I have deactivate Unbond, Netflow, Ntopng to reduce the load. But I still have the issue but without any idea of what to look for.

Attached is my VM conf. CPU is AMD Ryzen 7 9700X.

What log could I be looking into OPNSense host to see interrupts or local freezes on the guest?

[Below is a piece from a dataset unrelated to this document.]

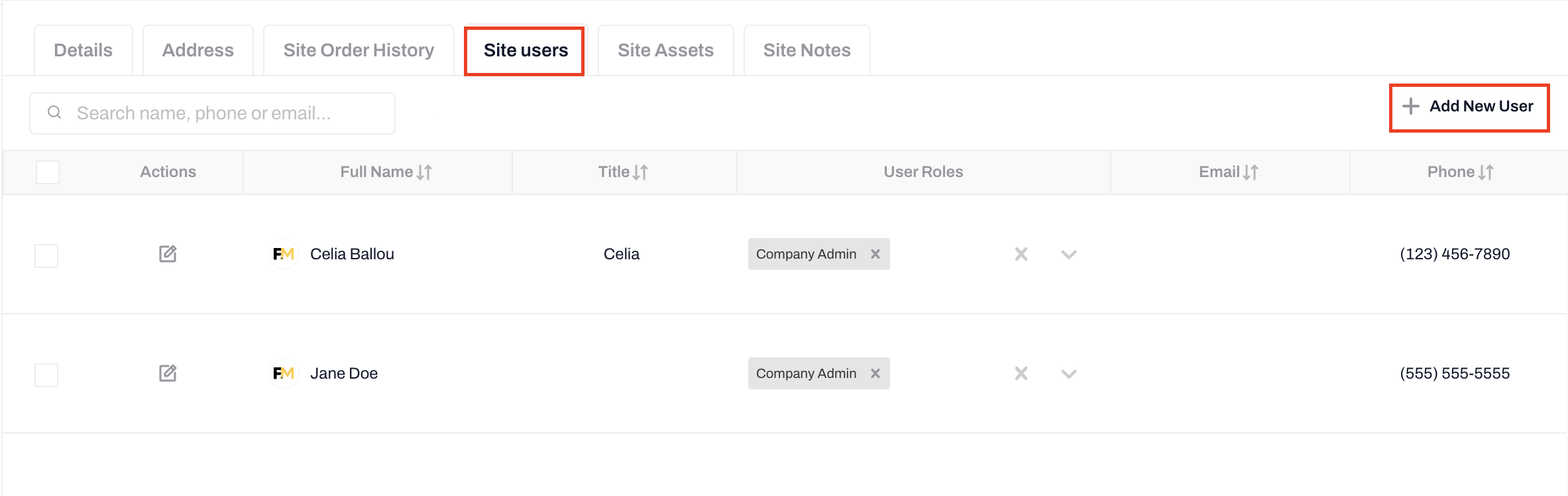 The Site User tab will only display for Account Owners and Company Admins. This tab allows them to view User details, such as their Role and contact information, for each Site and ensures that the right personnel have the appropriate permissions and access to Site information.

Maybe an ARP/ IP conflict:
2025-01-08T17:19:45    Error    dhcpd    uid lease 192.168.30.197 for client 6c:7e:67:c5:5f:c1 is duplicate on 192.168.30.0/24
My laptop has Zscaler not sure if this could bring some strange behaviours but normal this mac has a static IP and should not be duplicated ...


Merci

It looks like a Realtek NIC somewhere and that rarely bodes well for freeBSD-based Operating Systems. That could play a part but you seem to be using virtio instead so that might isolate the device from OPN's freeBSD. But you have Proxmox's virtualisation in the mix so hard to tell where to look except all those ingredients of the mix.
On top of it all, you seem to have a number of services that could be putting some pressure on the device, and as I said, Realtek are not great under pressure. I'm referring to LAG interface, VLAN interface, ntopng, redis?!, flowd, monit. Are they services you run on OPN?
And, jumbo frames on a Realtek?! Is that right?